18 Dec 2011
“[The prophet] Nathan answered the king, ‘Go, do whatever you have in mind, for the Lord is with you.’ But that night the Lord spoke [differently] to Nathan …” (2 S 7:3-4) In the name …
There are people out in the world, etymologists by name, who make a living study words. They seldom make the news, except for at this particular time of the year. Etymologists are gathering together at the American Dialect Society and they are discussing among themselves the most popular new word of the year. Last year’s most popular word was “apps.” That’s one of those new-fangled information-age words. It refers to all of the different applications you can add on to your phone or whatever. I don’t even know how to text so I definitely don’t know anything about “apps” either. But this year’s top-contender new word, surprisingly, is not born of the information revolution. It’s a good old-fashioned word. It’s a word built around people, community and a cause. It wasn’t born on the internet. It was born among actual living, breathing people coming together not over the computer, but in person. This year’s projected favourite new word is “occupy.” It’s actually an old word, but it has been invested with new meaning. It springs from all of the “Occupy” movements that have been taking place all around the nation. And it has now entered into our vocabulary as a stand-alone word. Now people can say facetiously as they prepare for the Patriots-Broncos game this afternoon, as they sit down to watch Brady vs. Tebow, they can talk about “Occupy my couch.”

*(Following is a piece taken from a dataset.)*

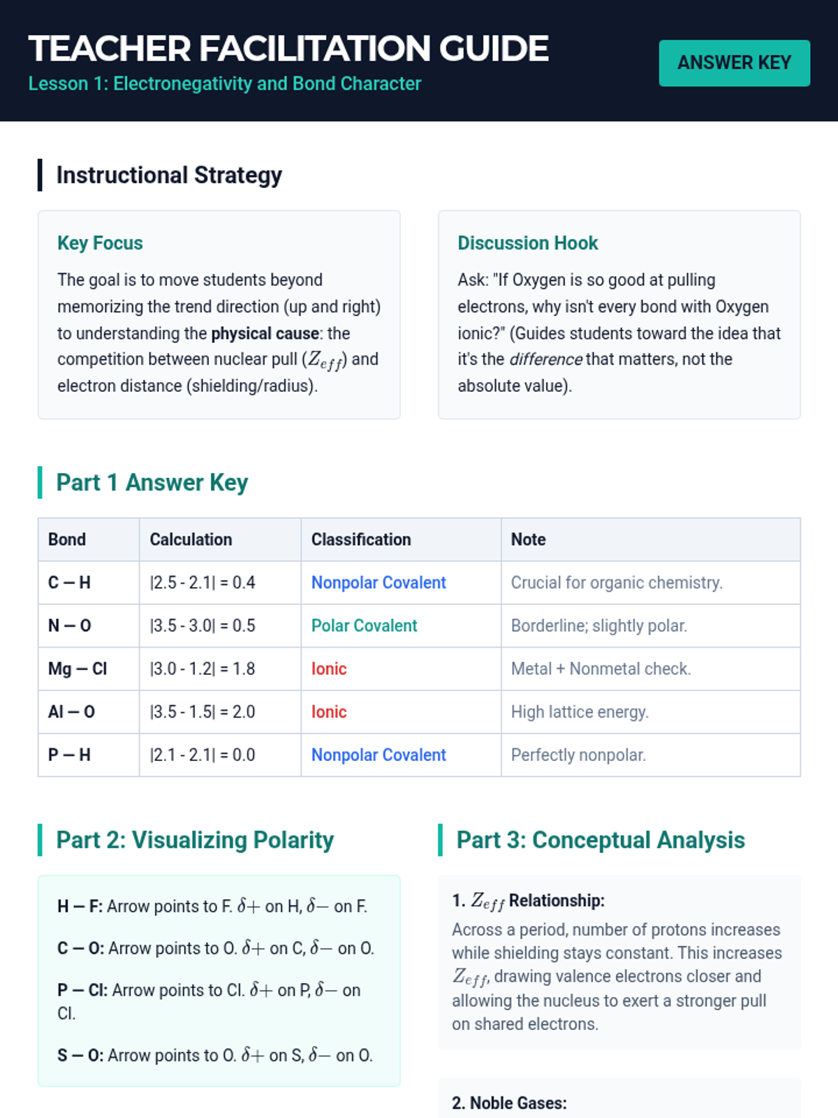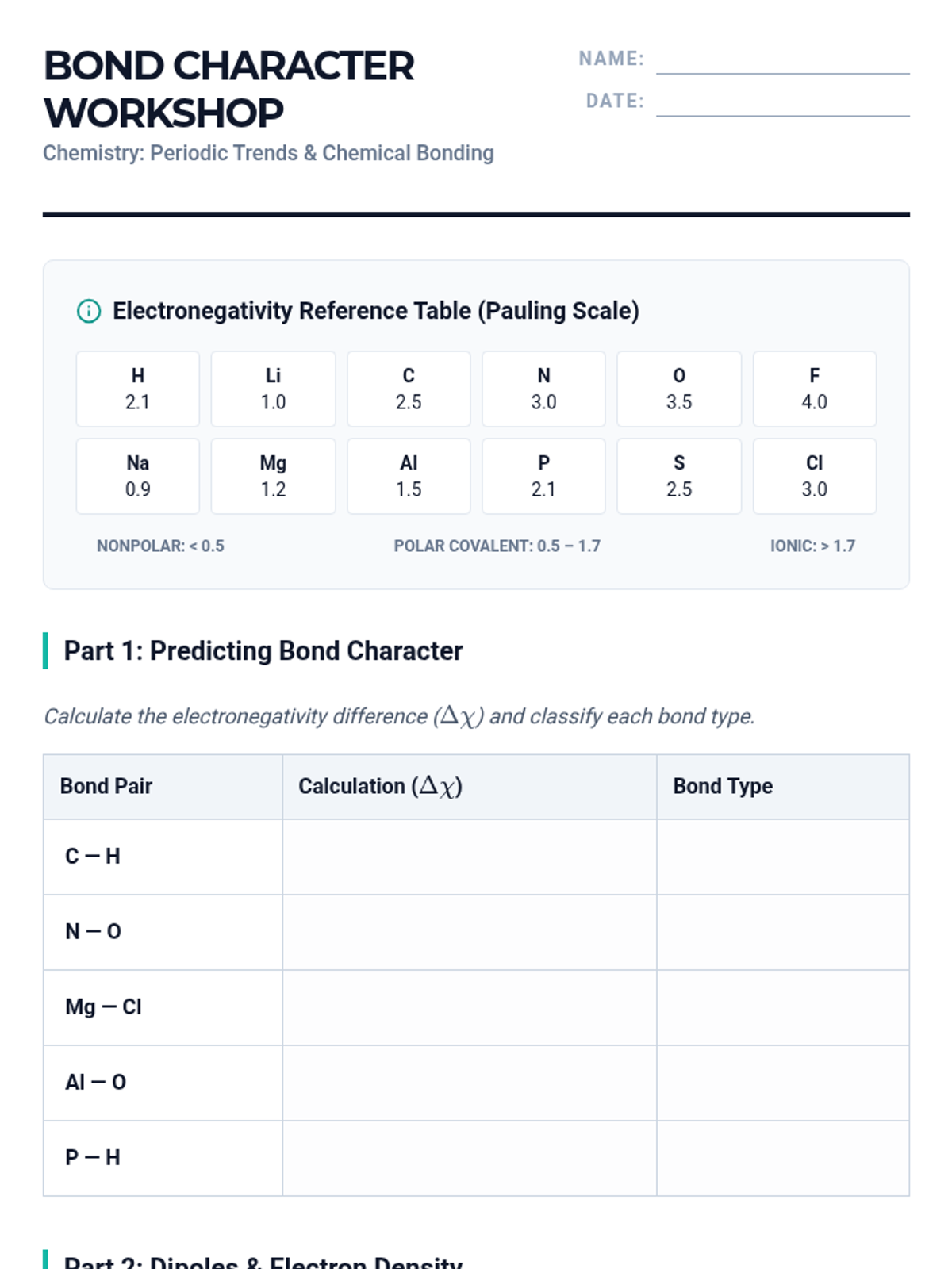 Students explore electronegativity through the Pauling scale, correlating it with effective nuclear charge and atomic radius to predict bond polarity and character.

Occupy: An old word given a different meaning, and catching-on, and becoming America’s favourite new word. Maybe that’s a good place to start on this last Sunday of Advent as all eyes are trained on the quickly approaching Christmas celebration. Maybe we can give Christmas a different meaning. I think we’ve all heard that this is the make or break season for retailers. A lot of gifts are going to be changing hands in a week or so. But did you know that when I was in college companies spent about $100 million a year on advertising to kids. That’s a lot of money. But it’s barely a down-payment now-a-days. Today companies are spending $17 billion every year on trying to tell our children what they just absolutely have to have. There are 10 100 million’s in every billion, which means that from the time I was in college to the time my daughter is in college, their spending has increased by 170-fold! That’s in one generation. Christmas has always involved gift-giving. And gift-giving, especially on this Sunday of the Advent wreath’s candle of love, is supposed to be a sign of love.
A bunch of you e-mailed me back about the story concerning the anonymous donors who have gone into K-Marts across the country, and who have paid off the lay-away accounts of families with little children. Lay-away was brought back this year because of the tough economy and the fact that so many families are struggling to get by, but who still want to have something fun for their children to open-up on Christmas. Credit has become a bad word in many of these families. So the stores this year resurrected lay-away programs. You can put a few bucks a week toward the bill, but even those few buck are sometimes hard to come by. That’s where these anonymous donors enter the story. Without fanfare, they have paid off some of these bills. This was one of the nicest and most sincere stories of Christmas-giving that I have heard in a long time, and it is a perfect example of the equation of gift-giving and love.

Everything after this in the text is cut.